For multi-project work, this is promising. Community implementations like LokiMCPUniverse/gcp-mcp-server already support explicit per-project configuration where each project gets its own credential file, and the agent specifies which project context to use per request.

IDE-based agents are moving in this direction too. Cursor and Windsurf support project-level MCP configurations, so the MCP server restarts with the right credentials when you switch projects. The failure mode to watch for is context drift: your IDE open to Client A’s project while the background MCP process is still authenticated to Client B. Project-level mcp_config.json files prevent this.

My honest assessment: MCP is the right direction. Authentication managed at the protocol layer instead of the shell layer eliminates an entire category of problems. But the ecosystem is young. The servers are still maturing, documentation is thin, and for production consulting work I’m not ready to depend on them as the primary auth mechanism. Watch this space, but don’t rip out your direnv setup yet.

The layered approach

Today (30 minutes): Install direnv. Create a .envrc per client with the four variables (CLOUDSDK_CONFIG, CLOUDSDK_CORE_PROJECT, GOOGLE_CLOUD_PROJECT, GOOGLE_APPLICATION_CREDENTIALS). One service account per client project with minimum required roles.

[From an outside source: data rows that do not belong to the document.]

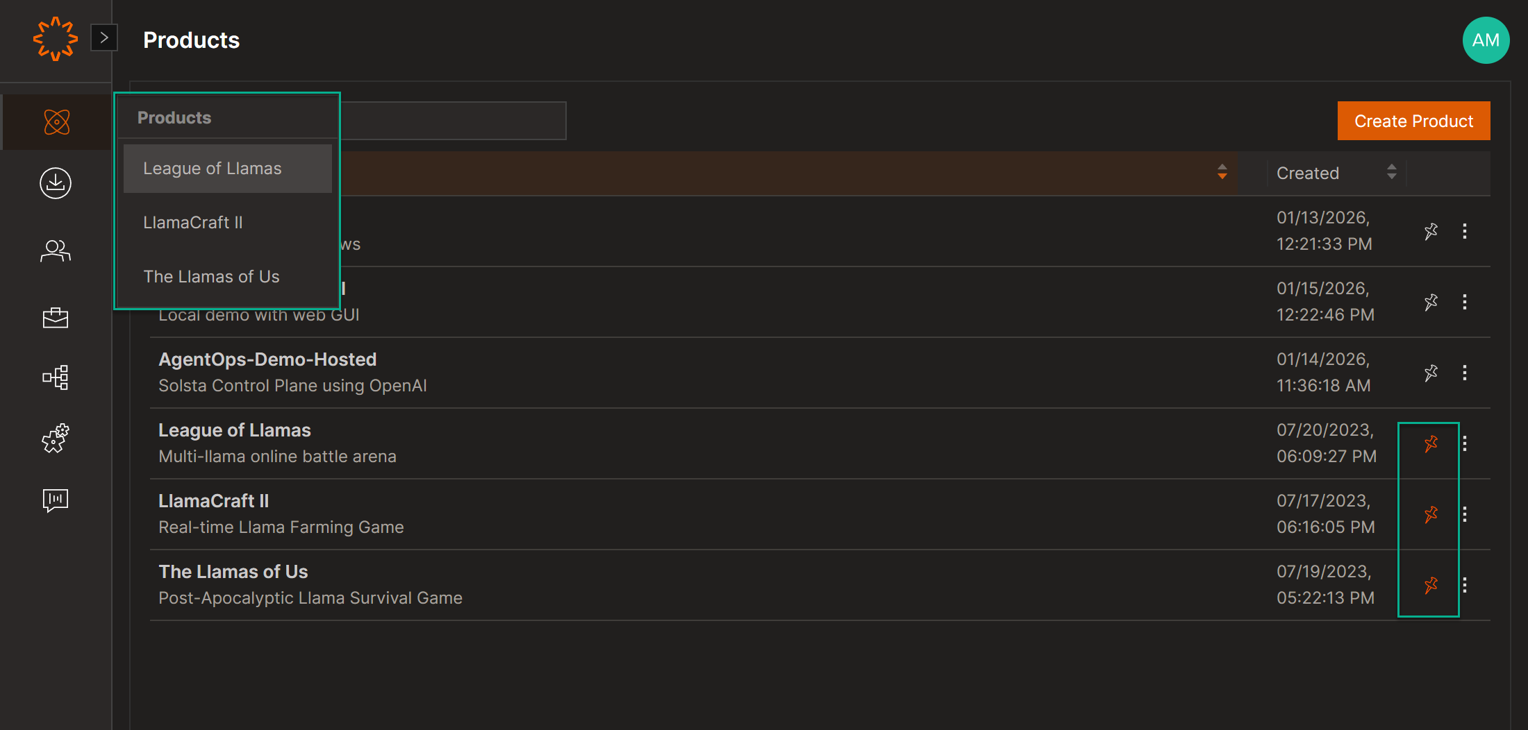 Pinned products appear in your sidebar menu for faster access — similar to a favorites list.
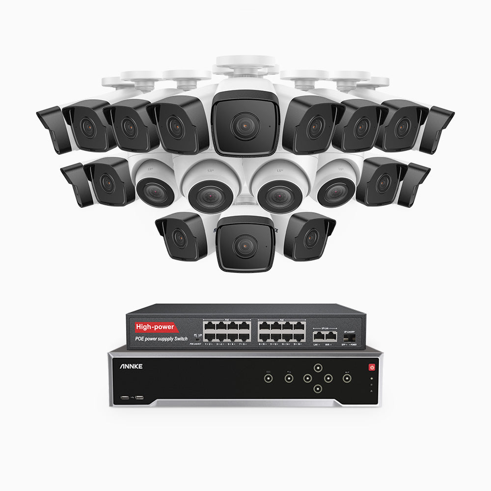H500 - 3K 32 Channel PoE Security System with 16 Bullet & 4 Turret Cameras, EXIR 2.0 Night Vision, Built-in Mic & SD Card Slot, Works with Alexa, 16-Port PoE Switch Included ,IP67 Waterproof, RTSP Supported
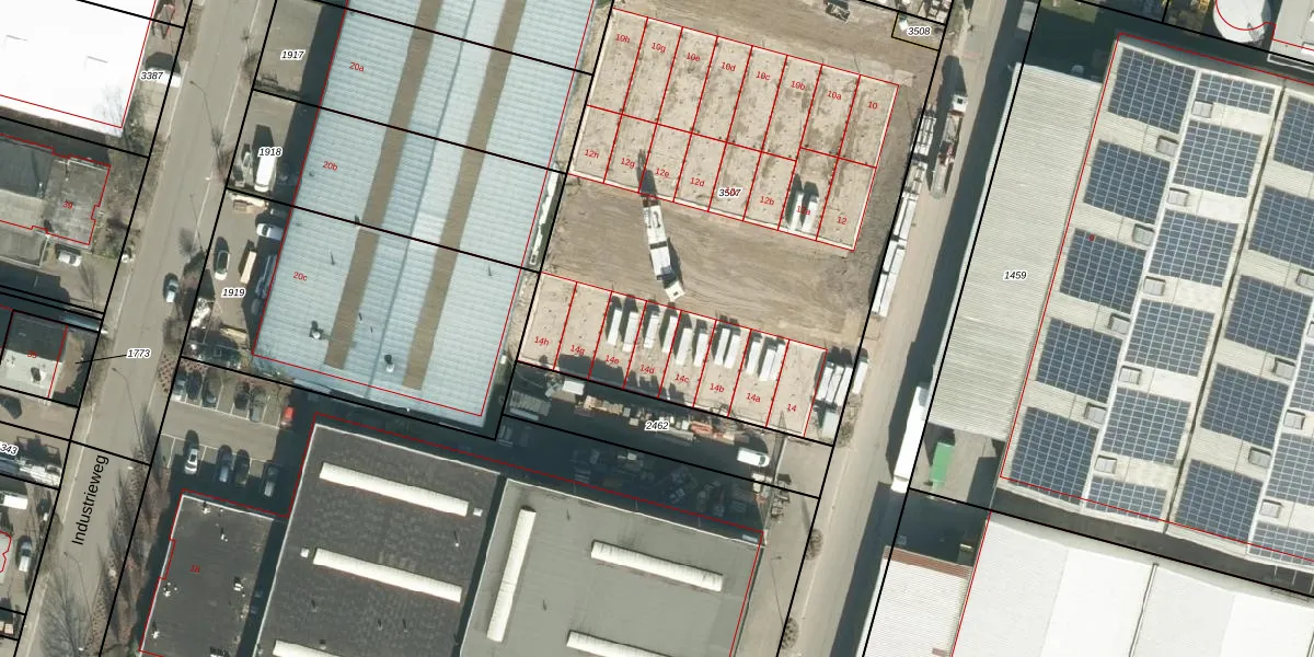Industrieweg 14-d is gelegen op kadastraal perceel WDC00I3507. Deze kadastrale aanduiding is uniek en wordt gebruikt door het Kadaster om eigendomsrechten en andere zakelijke rechten vast te leggen. Het perceel maakt onderdeel uit van de kadastrale gemeente Woudrichem.

This month: Set up a Terraform module for standardized service account creation. Automate key rotation. Get the whole team on the same direnv pattern.

This quarter: Evaluate Google’s MCP servers for your agent workflows. If they’re stable enough, they’ll make the entire shell-level isolation problem irrelevant.

Google designed gcloud for single-project developers. Consulting agencies are the opposite of that. Every solution in this article is a workaround for a design choice Google made years ago. The good news is that CLOUDSDK_CONFIG exists and works. The better news is that MCP might eventually make the whole problem disappear. Until then, four environment variables and a .envrc file are the difference between a normal work day and spending half your morning debugging auth errors across three client projects.